- Этот Ромейн всегда реагирует не сразу? - спросил отец Браун.
   - Странно, что вы об этом спросили, - ответил Аутрэм, зорко глянув на него. - Нет, он реагирует мгновенно. Однако как раз вчера, перед грозой, я видел его в этой самой позе. Молния ослепила нас, но он не шелохнулся.
   - А потом? - спросил священник.
   - Резко повернулся, когда грянул гром, - сказал хозяин. - Должно быть, он его ждал. Он объяснил нам, через сколько секунд... Простите, что с вами?
   - Я укололся булавкой, - отвечал священник, часто моргая.
   - Вам плохо? - спросил Аутрэм.
   - Нет, ничего, - сказал священник. - Просто я не такой стоик, как ваш Ромейн. Когда я вижу свет, я моргаю, ничего не могу поделать.
   Забрав шляпу и зонтик, он засеменил к двери, но вдруг остановился, беспомощно глядя на хозяина, словно рыба на песке, и тихо проговорил:
   - Генерал, ради Господа Бога, не пускайте вашу жену и ее подругу к несчастному Марну. Оставьте все, как есть, иначе вы разбудите сонмища бесов.
   Темные глаза генерала светились удивлением, когда он снова принялся за свои булавки.
   Однако он удивился еще больше, когда милосердные козни его жены привели к тому, что несколько друзей собрались посетить мрачный замок. Прежде всего и он, и все прочие удивились тому, что нет Хьюго Ромейна. Когда небольшое общество прибыло в маленькую гостиницу, там ждала телеграмма от его поверенного, сообщавшая о внезапном отъезде прославленного актера. Когда же общество это направилось к замку, навстречу им, из зловещей двери, вышел не величавый дворецкий и даже не статный лакей, а неуклюжий священник по имени Браун.

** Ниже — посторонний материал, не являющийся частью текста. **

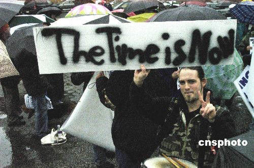 3月19日是美國(guó)對(duì)伊開戰(zhàn)五周年日。在美國(guó)紐約多個(gè)反戰(zhàn)組織以集會(huì)游行的方式要求政府結(jié)束伊戰(zhàn)。圖為在紐約的一個(gè)反戰(zhàn)集會(huì)上,一名美國(guó)青年一手比劃著和平的標(biāo)志,一手舉著標(biāo)語牌,上面寫著:(撤軍的)時(shí)間就是現(xiàn)在。中新社發(fā) 鄧悅 攝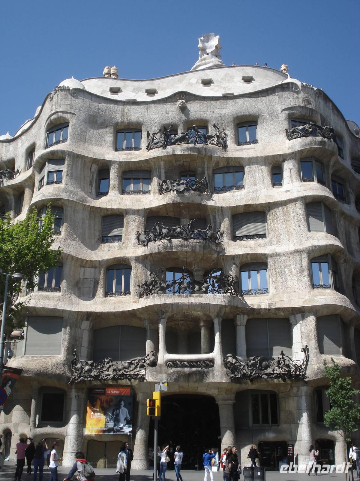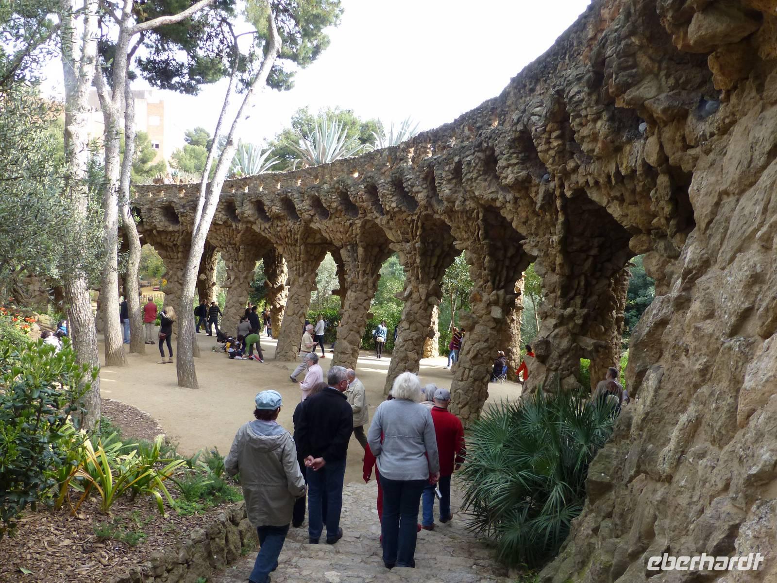 Am Spanischen Platz nahmen wir unseren Reiseleiter Ingo auf. Die Stadtrundfahrt führte uns zunächst auf den Berg Montjuic mit den Olympischen Stätten, dem Sendemast von S. Calatrava sowie dem „Spanischen Dorf". Vom 213 m hohen „Berg der Juden" genossen wir einen hervorragenden Ausblick auf die Millionenstadt. Durch die Stadt führte uns die Rundfahrt zum Templo de la Sagrada Familia (Kirche der Heiligen Familie), ein unvollendeter monumentaler Kirchenbau im neukatalanischen Stil. Die „Kirche der Armen" gilt als Hauptwerk des katalanischen Architekten Antoni Gaudi. Anschließend sahen wir weitere Gebäude von Antoni Gaudi, u.a. das Casa Battlo sowie die Casa Mila (im Volksmund „La Pedrera" = Steinbruch). Ein kleiner Spaziergang durch den Park Güell rundete die Stadtbesichtigung ab. Das fehlgeschlagene Projekt einer Gartenstandt wurde zu einem symbolträchtigen öffentlichen Park. Gaudi orientierte sich bei der Planung des Parks am Jardin de la Fontaine von Mimes und auch an den griechischen und ägyptischen Tempeln. Der lebendig gestaltete Eingang mit den exotischen Formen trennt die graue und weltliche Stadt von der Wohnsiedlung, die Gaudi als idealen Lebensraum erachtete.

   - Простите, - смущенно и прямо сказал он, - я говорил вам, оставьте все, как есть. Маркиз знает, что делает, и встреча ваша только умножит беды.
   Леди Аутрэм, рядом с которой стояла высокая, еще прекрасная дама, гневно глянула на низкорослого пастыря.

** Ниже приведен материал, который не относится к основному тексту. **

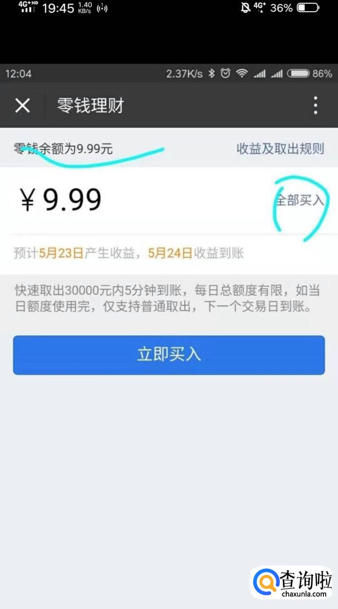进入界面之后,进行零钱买入。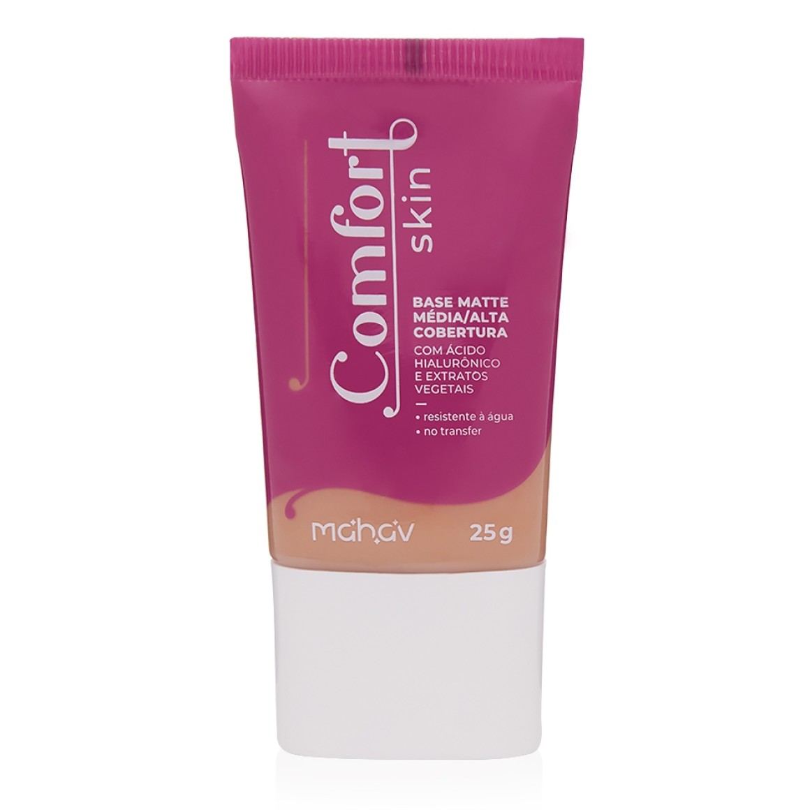 Com acabamento matte e cobertura média/alta, a BASE MATTE COMFORT SKIN MAHAV foi formulada com ácido hialurônico e extratos vegetais que mantêm o viço da pele, garantindo mais durabilidade à maquiagem, resultando em um acabamento de pele saudável e bem uniforme.

   - Это наше частное дело, - сказала она. - Не понимаю, при чем тут вы.
   - А им только и подай частное дело! - презрительно молвил Джон Кокспер. - Они вечно шныряют под полом, норовят пролезть в чужое жилье. Видите, вцепился в бедного Марна! - Сэр Джон был не в духе, ибо знатные друзья взяли его с собой лишь на том условии, что он ничего не напишет. Ему и в голову не приходило, что именно он вечно норовит пролезть в чужое жилье.

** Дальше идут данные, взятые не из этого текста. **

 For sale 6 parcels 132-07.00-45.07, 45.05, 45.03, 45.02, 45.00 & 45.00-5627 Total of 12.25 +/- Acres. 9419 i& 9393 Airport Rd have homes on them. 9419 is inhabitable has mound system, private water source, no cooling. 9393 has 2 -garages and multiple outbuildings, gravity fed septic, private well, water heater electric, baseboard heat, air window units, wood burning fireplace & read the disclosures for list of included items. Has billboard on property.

   - Вы не беспокойтесь, все в порядке, - поспешил заверить отец Браун. Кроме меня, маркиз не видел ни одного священника. Поверьте, он знает, что делает. Молю вас, не трогайте его.
   - Чтобы он умер заживо и сошел с ума? - вскричала леди Аутрэм. - Чтобы он жил вот так, потому что против воли убил человека двадцать пять лет назад? Это вы и зовете милосердием?
   - Да, - невозмутимо отвечал священник, - это я зову милосердием.
   - Чего от них ждать? - сердито сказал Кокспер. - Им только и надо замуровать кого-нибудь заживо, уморить голодом, свести с ума постом, покаянием и страхом вечных мук!
   - Нет, правда, отец Браун, - сказал Аутрэм. - Неужели, по-вашему, он так виновен?
   - Отец Браун, - серьезно сказал Мэллоу, - я всегда согласен с вами. Но сейчас я ничего не пойму! Неужели надо так расплачиваться за такое преступление?
   - Преступление его тяжко, - отвечал священник.
   - Да умягчит Господь ваше жестокое сердце, - сказала незнакомая дама. - Я пойду и поговорю с моим женихом.
   И, словно голос ее вызвал духа, из серого замка вышел человек, остановившийся во мраке открытых дверей, на самом верху длинной лестницы. Человек был весь в черном; отсюда, снизу, было видно, что волосы его белы, а лицо бледно, как у статуи.
   Когда Виола Грэйсон медленно пошла вверх по лестнице, лорд Аутрэм проговорил в темные усы:
   - Надеюсь, ее он не оскорбит, как оскорбил мою жену.
   Отец Браун, пребывавший в каком-то оцепенелом смирении, посмотрел на него и проговорил:
   - Бедный Марн достаточно виновен, но этого он не делал. Вашу жену он не оскорблял.
   - Что вы хотите сказать? - спросил Аутрэм.
   - Он с нею незнаком, - отвечал священник.
   Пока они говорили, высокая дама поднялась по ступеням, и тут все услышали поистине страшный крик:
   - Морис!
   - Что случилось? - воскликнула леди Аутрэм и побежала к подруге, которая пошатнулась так, словно сейчас слетит по каменным ступеням. Но Виола Грэйсон медленно пошла вниз, сжавшись и дрожа.
   - О, Господи, - говорила она, - о, Господи милостивый... это не Джеймс... это Морис!
   - Мне кажется, леди Аутрэм, - серьезно сказал священник, - вам лучше бы увести отсюда вашу подругу. Но с высоты ступеней обрушился голос, который мог бы прозвучать из склепа, - хриплый, несоразмерно громкий, как у тех, кто много лет прожил среди птиц на необитаемом острове. Морис, маркиз Марн, сказал:
   - Постойте!
   Все застыли на месте.
   - Отец Браун, - продолжал маркиз, - прежде чем эти люди уйдут, расскажите им все, что я рассказал вам.
   - Вы правы, - отвечал священник, - и это вам зачтется.
   Маркиз скрылся в замке, а отец Браун обратился к собравшимся у замка людям.
   - Да, - сказал он. - Несчастный Марн дал мне право поведать все, что он мне поведал, но лучше я последую ходу собственных моих догадок. Конечно, я понял сразу, что мрачные монахи - просто чушь, вычитанная из книг.
   Иногда, достаточно редко, мы склоняем человека к монашеству, но никогда не склоняем его к затвору без правила и никогда не рядим мирянина в монашеские одежды. Однако я задумался о том, почему же он носит капюшон и закрывает лицо. И мне показалось, что тайна не в том, что он сделал, а в том, кто он.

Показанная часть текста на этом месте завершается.